Updated: Jan 14
When I registered for my first Vipassana course recently I had no idea what I was getting into. Apart from the basics—that I was going to have to sit meditating for 10 hours a day for 10 days, and that it would likely be ‘life-changing’—the content was otherwise a surprise that unfolded as the days went by. I liked it that way. Little did I know at the time that the deep and experiential nature of what I would learn during those 10 days would not only embed within me essential concepts I'd been attempting in my daily attitude and life, but also be the bedrock from which to step sure-footed and even-minded into both familiar and unfamiliar territory.
I had been working up to the registration moment for about three years, my curiosity gradually increasing in regards to what it would be like. What would happen as a result of me being in an environment like that (away from the world, distractions, noise, work…)? I’d periodically meet people who’d done it who would tell me unequivocally how amazing it was, and that I’d get a lot out of it. My trepidations weren't because I didn't believe it, just that my focus was always pinned to the unbearable suffering and restlessness I imagined I’d experience—legs sore yet not allowed to move about…for 10 hours a day. That fear lessened somewhat once I discovered there would be toilet breaks every couple of hours, but it represented exactly the kind of avoidance of physical discomfort (despite potential gains) that I was hopeful the course would help me do away with once and for all.
Consensus seemed to be that the silence was going to be difficult for me. I got versions of, “How are you going to be silent for 10 days??” to which I conclude I must have a reputation as a talker. That's kind of funny as I actually spend a lot of time in silence every day. I was sure that the silence would be the easiest thing to pull off, and it was. Well…sort of.
After much ado (and thanks to a girlfriend taking the initiative, finding a local Vipassana centre for us to do it at, letting me know when and how to register, and then checking up on me to make sure I was onto it) I registered. That was about three months ahead of the dates of the course. I actually thought I was going to have to cancel it due to work. I didn’t want to though so I kept not cancelling, and not cancelling, and then, a week before the course dates, the job disappeared and there I was: super excited and able to attend. The timing felt like it couldn’t have been better.
The night before I needed to pack, I trepidatiously read a couple of reviews while lying in bed. I almost wasn't going to look at any reviews lest I discover too much, and the surprise of it all were to disappear, or me chicken out. I kind of like not being entirely sure what I’m getting myself into. I prefer to notice a feeling of yep feels right, right time for this…or not? The search was mainly because I was interested in the schedule (what time would I have to wake up?) plus my mind was obsessing a little about how long I would have to sit for in one stretch (how would I manage that?) and what the food situation would be like. Oh yeah, and what I needed to take with me—I was paranoid about being tired, hungry and cold, my least favourite things, and states that I avoid at all costs.

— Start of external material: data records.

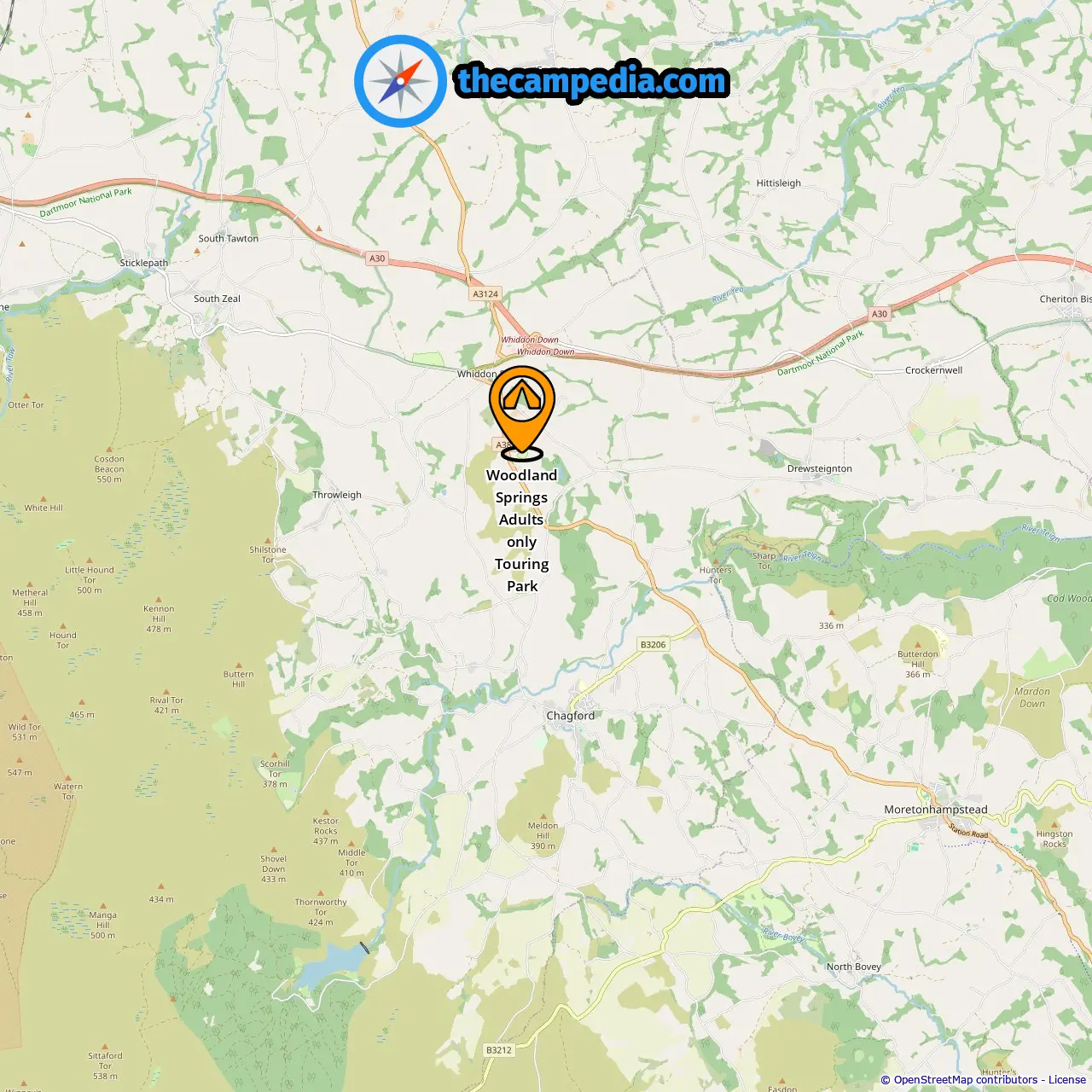 Campgrounds in Moretonhampstead (6.56 mi from Whiddon Down)
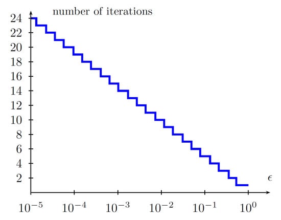 - evaluate the minimal number of iterations N for which the difference between true minimum and iterative solution (it is assumed that it is in the middle of the range ) does not exceed the prescribed relative accuracy ϵ, where
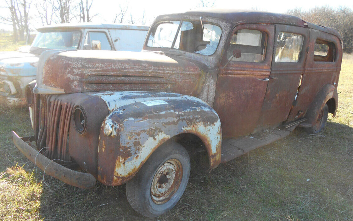 There would be almost enough parts in my bone pile to make this driveable although I’m at somewhat of a loss as to what I would do with it. It would be great to have the Ford version of the burb but I would prefer to have it on a regular panel body. I’m not too fussy about communicating with my passengers via intercom. There’s not a lot of difference between the ‘42 and the ‘46 models other than the ‘42 uses a pot metal Ford script on the hood sides.

From the reviews I managed to glean a top-line summary of how the days rolled along ie 4am wakeup and 9.30pm lights out, that the food was pretty tasty, and that the first 3 days involved following your breath. I’m glad I didn’t find out much more ‘cause it’s easy to start thinking things like, 3 days of focussing on the breath. That’s 30 hours. Seems like a lot? Is that necessary? and so on about every aspect until you talk yourself out of it.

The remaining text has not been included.